* Study material
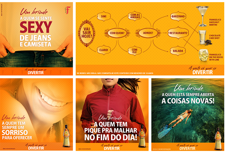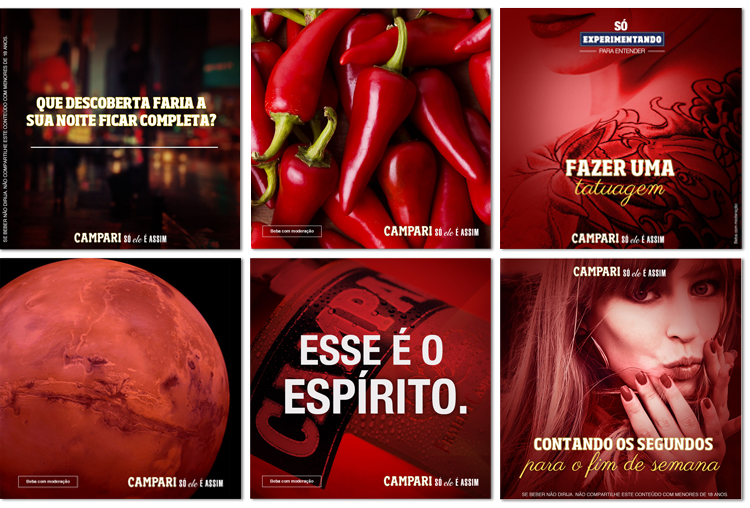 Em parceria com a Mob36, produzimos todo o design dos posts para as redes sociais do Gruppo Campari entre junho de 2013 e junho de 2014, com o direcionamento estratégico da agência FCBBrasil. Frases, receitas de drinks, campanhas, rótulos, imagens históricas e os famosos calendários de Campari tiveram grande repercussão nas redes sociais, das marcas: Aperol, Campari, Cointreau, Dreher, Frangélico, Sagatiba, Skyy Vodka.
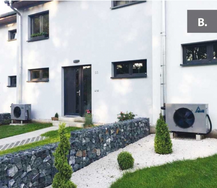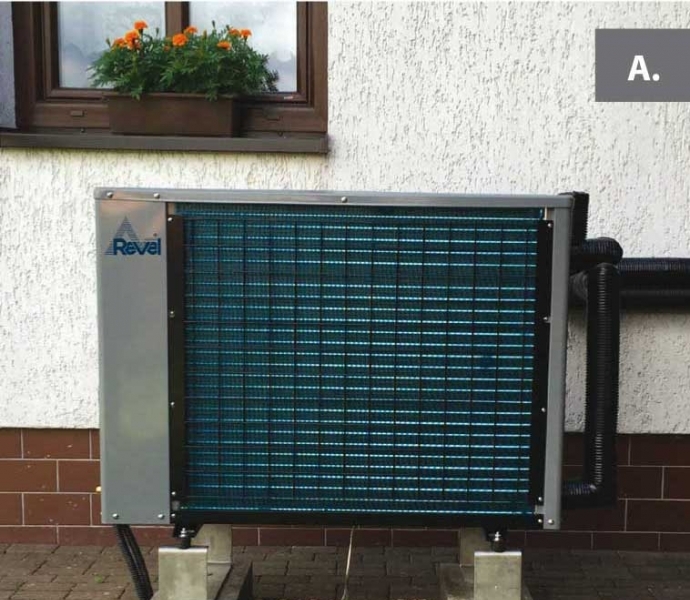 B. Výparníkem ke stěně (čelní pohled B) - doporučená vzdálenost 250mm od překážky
---
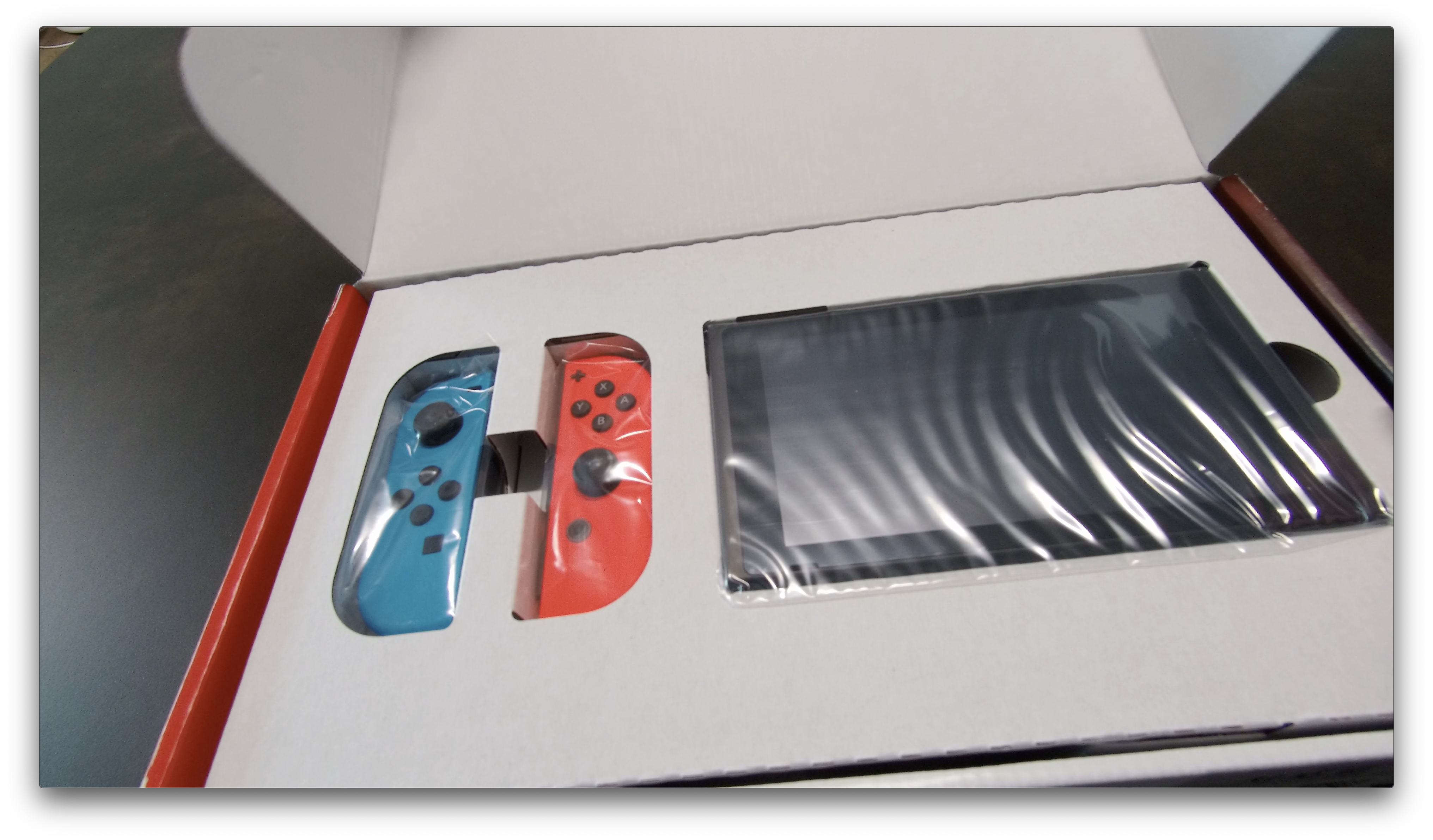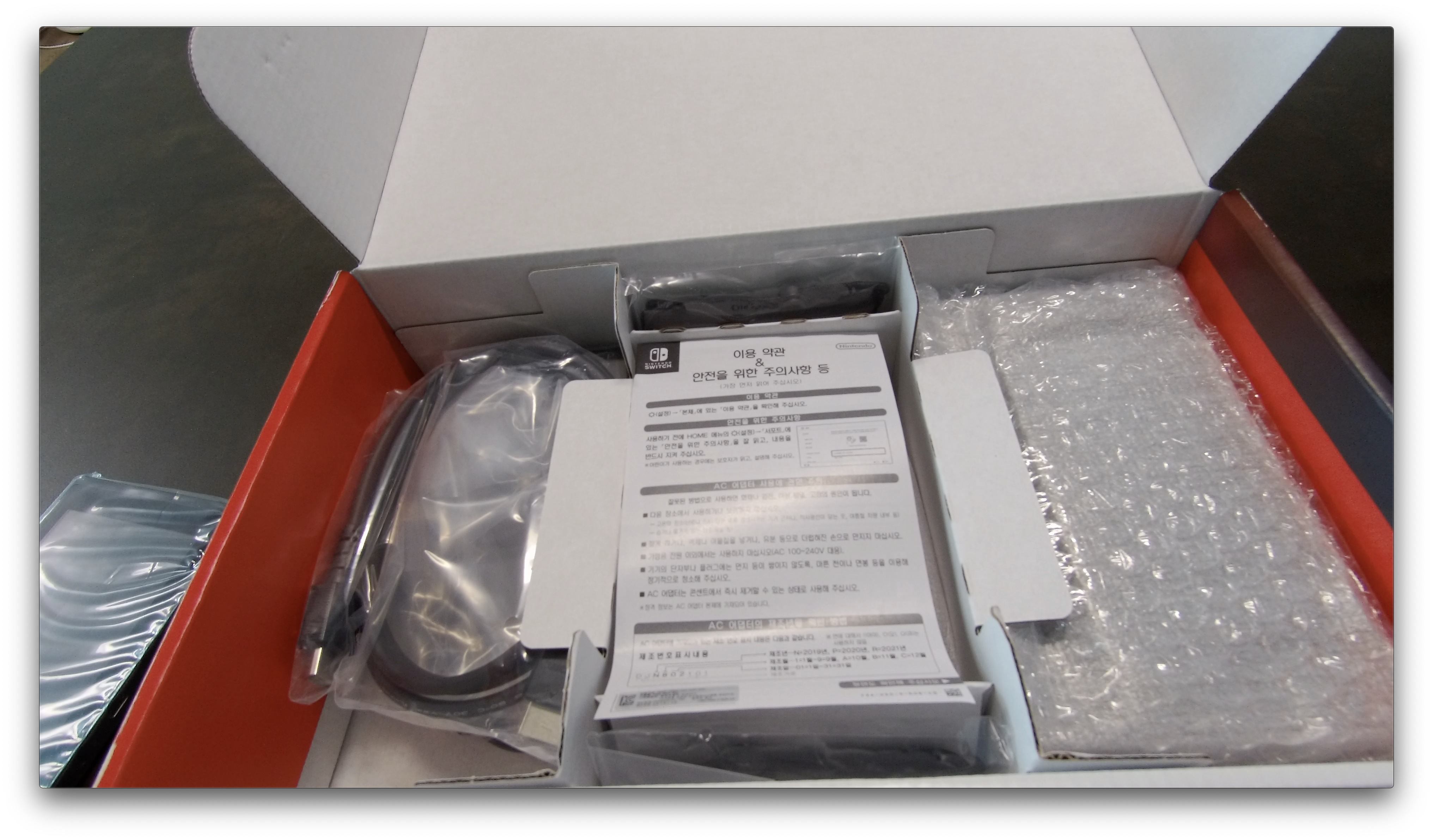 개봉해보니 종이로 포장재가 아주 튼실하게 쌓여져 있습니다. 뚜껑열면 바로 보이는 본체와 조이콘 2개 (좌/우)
--
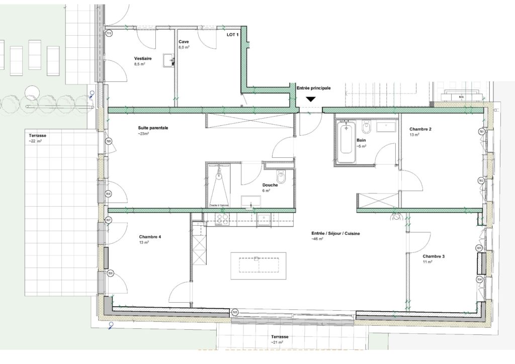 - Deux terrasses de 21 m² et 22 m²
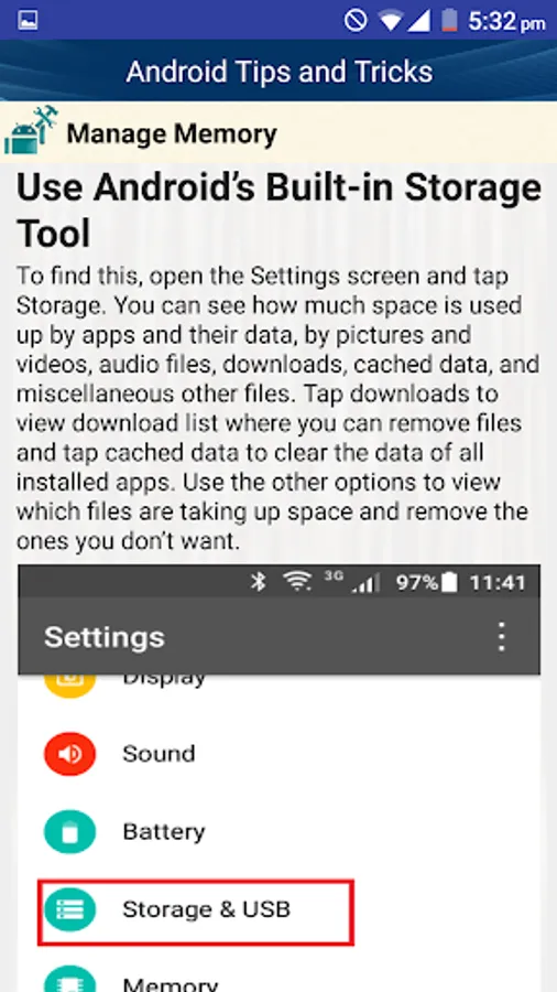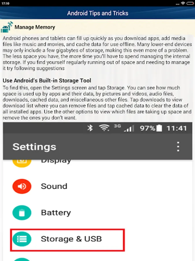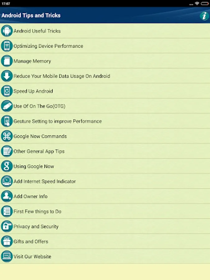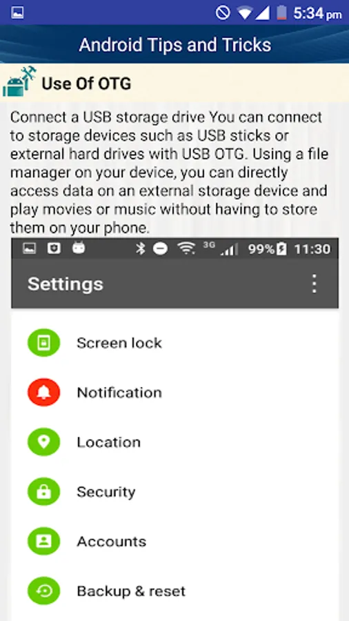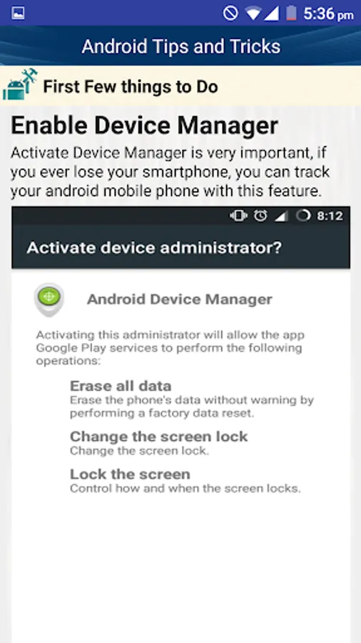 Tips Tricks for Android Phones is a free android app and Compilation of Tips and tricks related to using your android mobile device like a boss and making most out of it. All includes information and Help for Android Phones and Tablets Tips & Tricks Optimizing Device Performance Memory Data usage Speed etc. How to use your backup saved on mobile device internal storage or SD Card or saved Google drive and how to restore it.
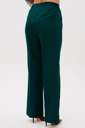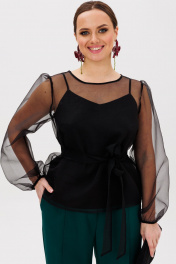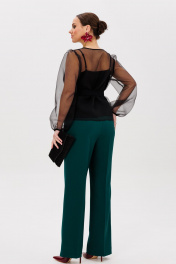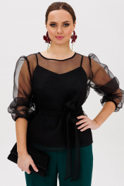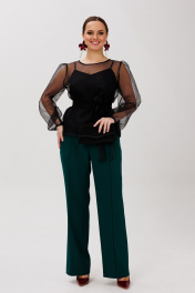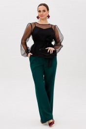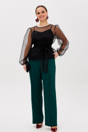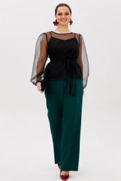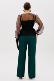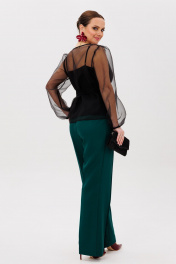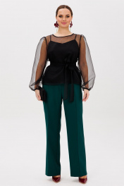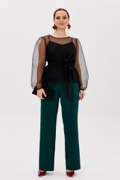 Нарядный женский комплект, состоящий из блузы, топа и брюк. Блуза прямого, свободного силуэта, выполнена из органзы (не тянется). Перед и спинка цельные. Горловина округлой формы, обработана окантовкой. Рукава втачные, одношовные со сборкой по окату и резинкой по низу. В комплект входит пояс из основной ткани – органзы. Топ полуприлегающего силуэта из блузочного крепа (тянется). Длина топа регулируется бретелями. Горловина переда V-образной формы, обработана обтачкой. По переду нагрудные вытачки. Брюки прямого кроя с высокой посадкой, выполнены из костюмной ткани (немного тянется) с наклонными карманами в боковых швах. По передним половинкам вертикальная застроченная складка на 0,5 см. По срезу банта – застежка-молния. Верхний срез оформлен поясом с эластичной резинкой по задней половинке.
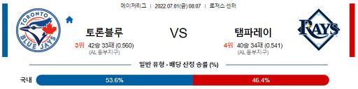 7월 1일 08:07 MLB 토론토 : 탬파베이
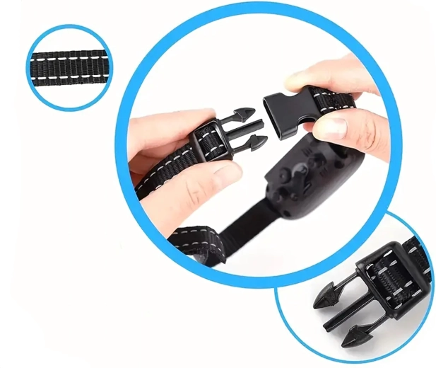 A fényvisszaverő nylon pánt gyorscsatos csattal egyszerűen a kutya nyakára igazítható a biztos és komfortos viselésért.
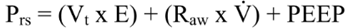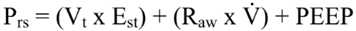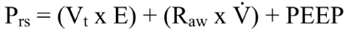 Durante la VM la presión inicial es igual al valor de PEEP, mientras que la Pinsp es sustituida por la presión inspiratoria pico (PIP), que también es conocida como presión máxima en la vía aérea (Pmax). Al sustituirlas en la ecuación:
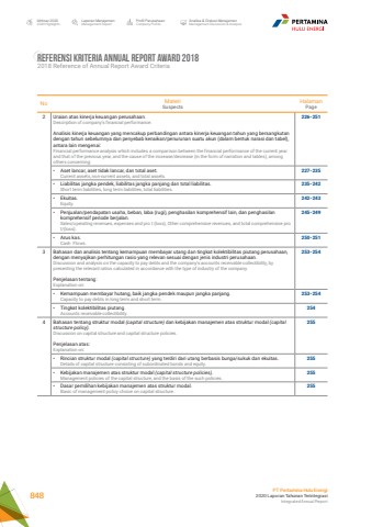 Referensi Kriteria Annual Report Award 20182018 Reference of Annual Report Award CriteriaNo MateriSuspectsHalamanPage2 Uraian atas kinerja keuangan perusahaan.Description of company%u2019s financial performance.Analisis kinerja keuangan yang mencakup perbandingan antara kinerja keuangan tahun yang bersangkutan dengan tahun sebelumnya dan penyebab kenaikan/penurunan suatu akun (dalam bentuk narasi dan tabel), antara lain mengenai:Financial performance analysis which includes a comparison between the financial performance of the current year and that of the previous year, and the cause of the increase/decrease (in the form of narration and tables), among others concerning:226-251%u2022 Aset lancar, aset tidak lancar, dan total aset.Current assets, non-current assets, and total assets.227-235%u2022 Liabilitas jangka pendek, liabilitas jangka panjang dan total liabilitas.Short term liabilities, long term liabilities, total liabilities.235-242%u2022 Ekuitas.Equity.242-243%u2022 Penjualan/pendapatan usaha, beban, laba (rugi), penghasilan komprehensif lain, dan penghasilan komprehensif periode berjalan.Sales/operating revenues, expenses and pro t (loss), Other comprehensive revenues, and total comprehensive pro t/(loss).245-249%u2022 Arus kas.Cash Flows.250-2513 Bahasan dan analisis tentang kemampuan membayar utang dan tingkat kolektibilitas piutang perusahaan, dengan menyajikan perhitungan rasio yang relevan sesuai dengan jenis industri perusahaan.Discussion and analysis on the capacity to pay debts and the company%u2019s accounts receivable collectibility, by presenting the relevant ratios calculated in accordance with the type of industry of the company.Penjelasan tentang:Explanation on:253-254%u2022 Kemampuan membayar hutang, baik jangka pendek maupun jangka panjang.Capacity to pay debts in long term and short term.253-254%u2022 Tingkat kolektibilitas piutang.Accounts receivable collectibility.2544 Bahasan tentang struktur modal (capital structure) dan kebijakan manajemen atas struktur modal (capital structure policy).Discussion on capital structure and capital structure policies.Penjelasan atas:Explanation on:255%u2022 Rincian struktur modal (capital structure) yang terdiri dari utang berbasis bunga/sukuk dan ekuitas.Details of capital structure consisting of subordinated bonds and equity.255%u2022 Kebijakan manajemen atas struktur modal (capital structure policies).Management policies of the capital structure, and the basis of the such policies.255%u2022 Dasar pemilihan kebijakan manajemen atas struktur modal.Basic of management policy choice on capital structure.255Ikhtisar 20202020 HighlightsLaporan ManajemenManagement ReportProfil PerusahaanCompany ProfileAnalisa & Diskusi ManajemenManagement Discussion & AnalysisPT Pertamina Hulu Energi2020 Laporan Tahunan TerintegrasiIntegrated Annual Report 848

* What you need to do
Only one part of the listing is wanted: the lines from the one containing "7월 1일 08:07 MLB 토론토 : 탬파베이" through the one containing "Durante la VM", both included. Please transcribe it exactly, leaving out the pictures.

* Answer space
 7월 1일 08:07 MLB 토론토 : 탬파베이
 A fényvisszaverő nylon pánt gyorscsatos csattal egyszerűen a kutya nyakára igazítható a biztos és komfortos viselésért.
 Durante la VM la presión inicial es igual al valor de PEEP, mientras que la Pinsp es sustituida por la presión inspiratoria pico (PIP), que también es conocida como presión máxima en la vía aérea (Pmax). Al sustituirlas en la ecuación:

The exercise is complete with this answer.